Re: gear box mounts/cage nuts & the dreaded removal of master

Posted: Thu Dec 08, 2011 12:09 am
by Mandymoo
thanks Les..I like that idea

Re: gear box mounts/cage nuts & the dreaded removal of master

Posted: Sun Apr 08, 2012 9:03 am
by capnblack
Just read this thread with Interest. I have my pickup stripped down a bit at the moment. Started with a broken half shaft. Removed both shafts, the broken one was difficult to say the least, dropped the prop shaft, took out the diff, decided to fit a recon gearbox I've had here for 2 years,so, took out the gearbox and engine, found that the cross member bolts were not fitted properly and one was missing. Took out brake & clutch pedals, removed brake master cylinder. Now I can deal with the caged nuts. I have removed the nut & cage assemblies both sides and was thinking of inserting a section of plate with 2 nuts welded on (proper "weld nuts"). Now I quite fancy the tapped 6mm plate idea.

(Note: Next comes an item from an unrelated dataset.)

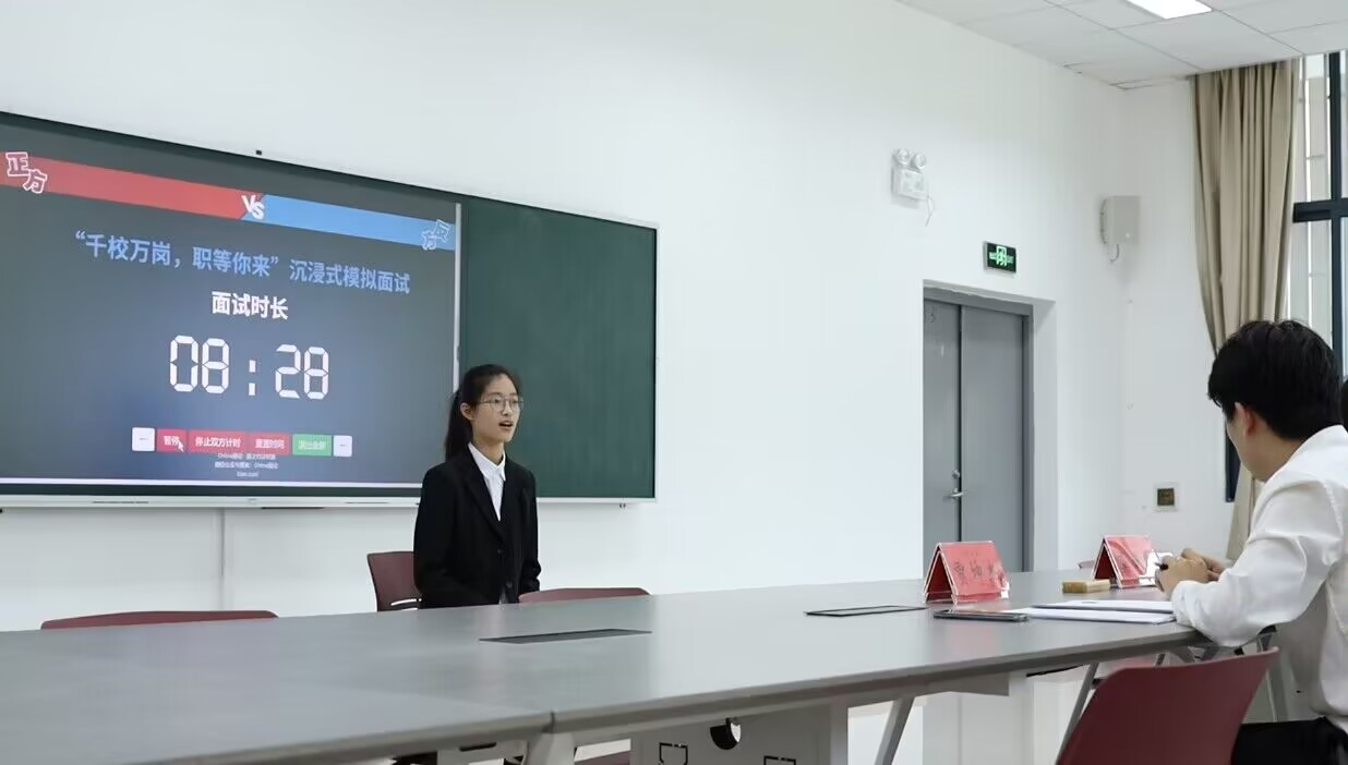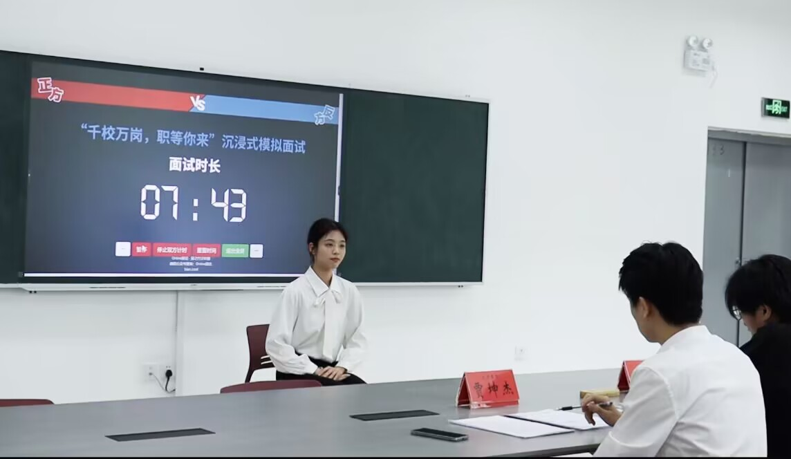 于求是楼133举办“千校万岗,职等你来”沉浸式模拟面试比赛。由主席团成员贾坤杰、文体部负责人龚洲凯两位同学模拟公司人力,并担任评委。

Re: gear box mounts/cage nuts & the dreaded removal of master

Posted: Sun Apr 08, 2012 10:57 am
by bmcecosse
Phewww - all that for a broken half-shaft ? :oops: :cry: :roll:

Re: gear box mounts/cage nuts & the dreaded removal of master

Posted: Sun Apr 08, 2012 6:02 pm
by capnblack
Yep, thought I might as well get into it and do a few jobs. Today I made up two pieces of 6mm stainless plate, a nice fit inside the chassis rails and 75mm long, tapped M8 x 2. These will replace the "caged Nuts" which were inside the chassis. Just making a list of all the bits I need to order now!